Pharylon
Pharylon

Reputation: 9916

Add Entity Framework Data Annotation to Another Project's Class

Let's say I have a set of classes that I want to share across multiple projects. For instance, I could use them in a REST service and also in a client that consumes that service.

So I create the following projects:

Both the RestApi and Client projects have dependencies on the Models project.

The RestApi is using Entity Framework (code first) so normally you'd decorate the model's properties with things like [NotMapped] and [Key]. However, I don't want the Client solution to have any dependency on Entity Framework. None. So I can't decorate the models' properties with EF-specific attributes.

So my question is, is there some way to correctly set the models' EF-specific attributes from the RestApi project instead, maybe in the Context's constructor or something?

Upvotes: 1

Views: 370

Answers (3)

Gert Arnold
Gert Arnold

Reputation: 109079

You can have the POCOs in your Models project, keep them totally ignorant of Entity Framework, and do the mappings in a separate project or in the RestApi project itself.
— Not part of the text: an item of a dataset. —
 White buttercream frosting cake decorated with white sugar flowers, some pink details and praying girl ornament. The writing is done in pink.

You can do this by the fluent mapping API, for instance in the OnModelCreating override of the context that you create in the EF-aware project:

modelBuilder.Entity<Order>().HasKey(o => o.OrderID);
modelBuilder.Entity<Order>().Ignore(o => o.OrderTotal);

etc.

Upvotes: 2

Ric .Net
Ric .Net

Reputation: 5540

You need to split your data access models from the rest of the application using Data Transfer Objects.

This will give a lot of benefits. At first it will look if your duplicating all the code of the model. But when your application grows, you will find that need the data in a view which is formatted in another way than how it was or is stored the database. Validation attributes can be added in a very specific way just the way you need it.
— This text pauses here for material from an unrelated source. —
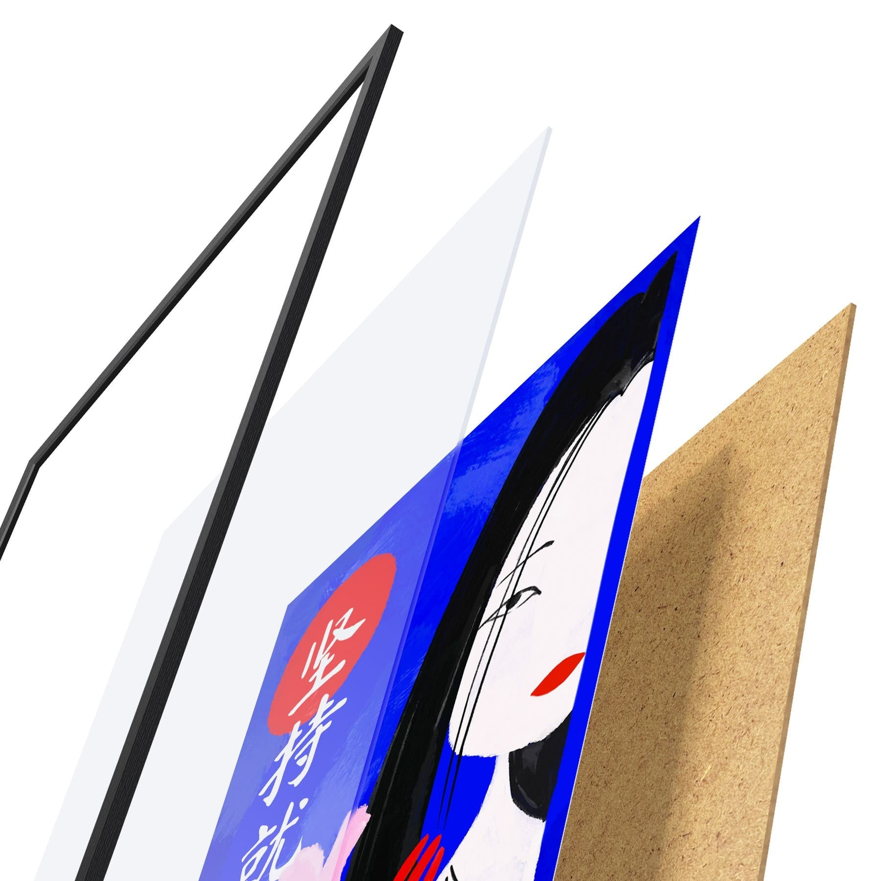 Plakát se skládá z rámu, plexiskla, tištěného obrazu a dřevotřískového podkladu. Díky úchytům na zadní straně lze plakát ihned zavěsit na zeď.

Mapping in between them can be done various ways. By hand or by using a tool like AutoMapper

Upvotes: 1

sfuqua
sfuqua

Reputation: 5853

This is a good argument for using custom Data Transfer Objects that are independent of the table-like entities. Although it can feel like overkill to have nearly duplicate classes - one as DTOs and one as EF Entities - there is another long-range benefit: the two sets of classes can vary independently. Let's say that you change the table table structure, but the client doesn't need to know about this change. Update the EF Entity but you leave the DTO alone, though you may have to update how you map from EF to DTO.

Speaking of mapping: EmitMapper can be a great help in transferring between the two types of objects.